When we checked in we were given a large bag full literature, including a pack of beautifully presented maps for each of the seven days, with circuits varying between 20 and 120 miles. I favoured the less demanding end of the scale. On the road were stickers identifying the routes, applied overnight by scooterists, and by wayside signs showing where to branch off for the various alternative circuits. All very efficient. There was no doubt about the main route – it was packed with cyclists, sporting club strips from all all over France and also from the many regions. Very colourful. I designed one of my own, as we bowled along – “Please overtake – I’m not proud!” Road behaviour was good. Unlike similar events at home – the Brighton run comes to mind - all were club riders and well used to cycling in company.
Lunch stops were usually in small town squares, with food and drink stalls and covered seating. There was always entertainment to aid digestion – local dancing, singing, bands. Noisy (them and us) and colourful – very convivial.
I was intrigued by the proportion of women club cyclists, many more than at home. It reinforced the impression that theirs is a cycling culture.
Delighted by the ‘decorations’ enroute, bikes old and new in every location, strung up on lamposts, fixed to walls, everywhere, some adorned with lifelike dummies. Outside one house there were two, but the eyes of one followed me as I passed – he was real! Very impressive. Shop windows were similarly decorated and included all sorts of cycling accessories. And the natives were friendly, waving and cheering as we went by. I admired their stamina. No matter when you started the rides, or finished, there would always be riders ahead and behind. I was told that keen competetive participants started at 5am to try to get a clear road. There were many Routes Barre’d and motorcycle policemen gave priority to the cyclists. I reflected that if I lived hereabouts, I would go on holiday for a week to avoid the disruption.
The administration was in a complex of industrial buildings taken over for the occasion, with cycling associated centres selling everything – bikes, parts, clothing, holidays, and mechanics stalls – repairs and replacements while you wait. Like a Cycle Show. And a large bar in a gymnasium, where drinks were exchanged for tokens previously bought, the camp currency. Enroute lunches were purchased similarly, presumably to reduce the amount of money concentrated in a few places. One of the most crowded functions was the photo stall with pictures of the previous days rides. There were cameramen at points along the routes and trade was brisk. Very popular.

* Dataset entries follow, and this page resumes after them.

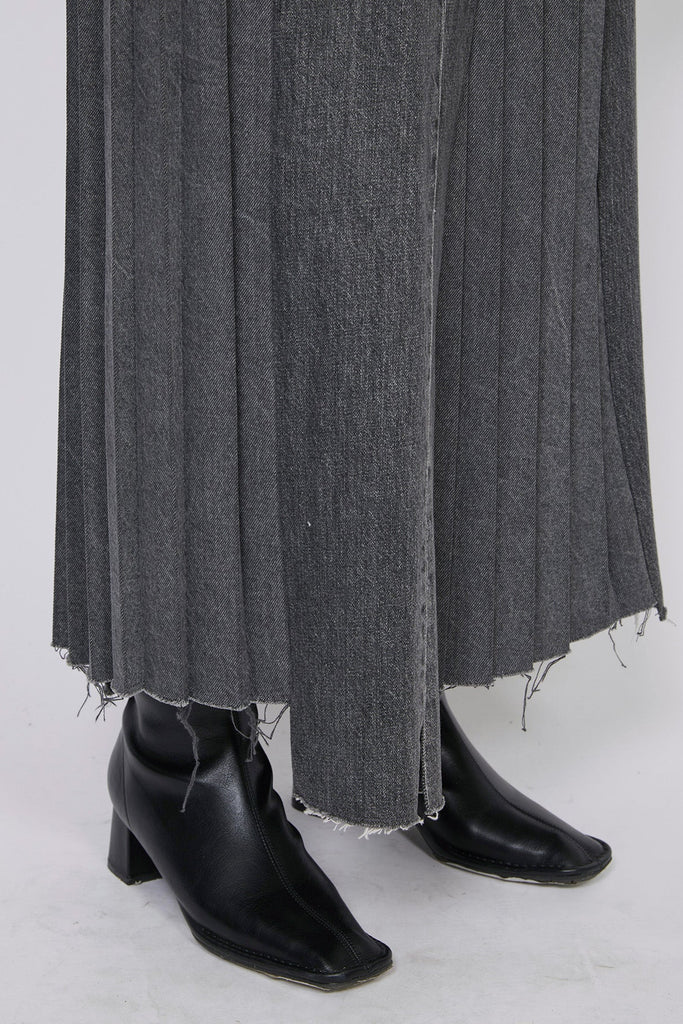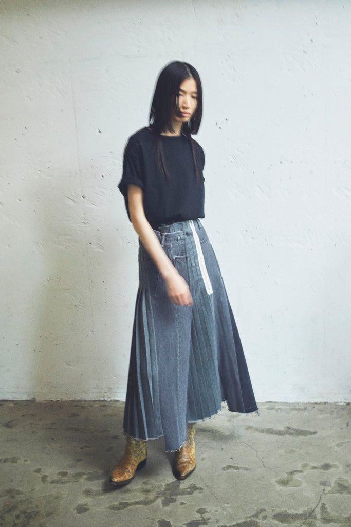 A remade pleated skirt from Japanese brand, Kuro, using pleats made of 100% shape-retaining cotton. Denim pants are repurposed and disassembled for the structure, and pleats are inserted to create a full shape. A craftsman sews all the individual pieces and puts them together in the Kuro atelier. Three pairs of pants are disassembled based on vivid, deep-colored denim, and the transitions that make use of the vertical lines are unified in the same color scheme to keep the tone down.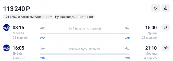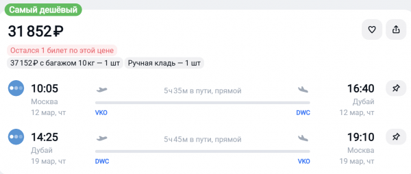 Если отправиться в Дубай из Москвы 12 марта, а вернуться 26-го, перелет обойдется значительно дешевле. Например, у авиакомпании «Победа» можно найти билеты от 31 тыс. руб. Вариант с багажом на те же даты стоит 37 тыс. Вылет из Внуково удобный – в 10:05, обратно – в 14:25.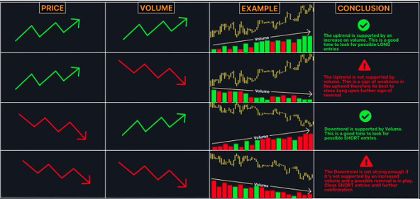 When volume declines while prices rise, it often signals that the uptrend is losing strength, increasing the chances of a reversal. On the other hand, rising prices with increasing volume confirm strong bullish momentum and a healthy uptrend.

Dinner was in an enormous marquee in the complex, with unbroken lines of refectory tables stretching from side to side. And patrolled by strolling accordion players. Every four diners had a large bottle of water and a bottle of wine. Enthusiasts could buy more wine. The food was good, particularly at the ‘Last Supper’ when spirits were high and the more abandoned danced on tables. A couple of the Bristols were riding the gruelling Paris/Brest/Paris in a couple of weeks and they’d liberated a poster of the event from the bar which they waved to cheers and flashing cameras, standing on their chairs.Wine fuelled and very uninhibited.
The SemFed is extremely good value. The campsite fee and dinners for a week cost £147 33p. The only criticism I had was of the campsite toilet facilities, which were primitive. Veree French, you might say. Always hot water in the showers though.
I’m glad I went. An unusual experience in which I suggest all keen cyclists should participate once in their careers. Next year, Niort, for which all arrangements are in place, even down to the glossy brochure. The organisation is like an efficient, well oiled machine.
Peter Hawker, paid-up MAOist (Meridian Active Octogenarian)
Ren - The Ed said :-
One simple question, did you cycle all the way from Bristol to Portsmouth?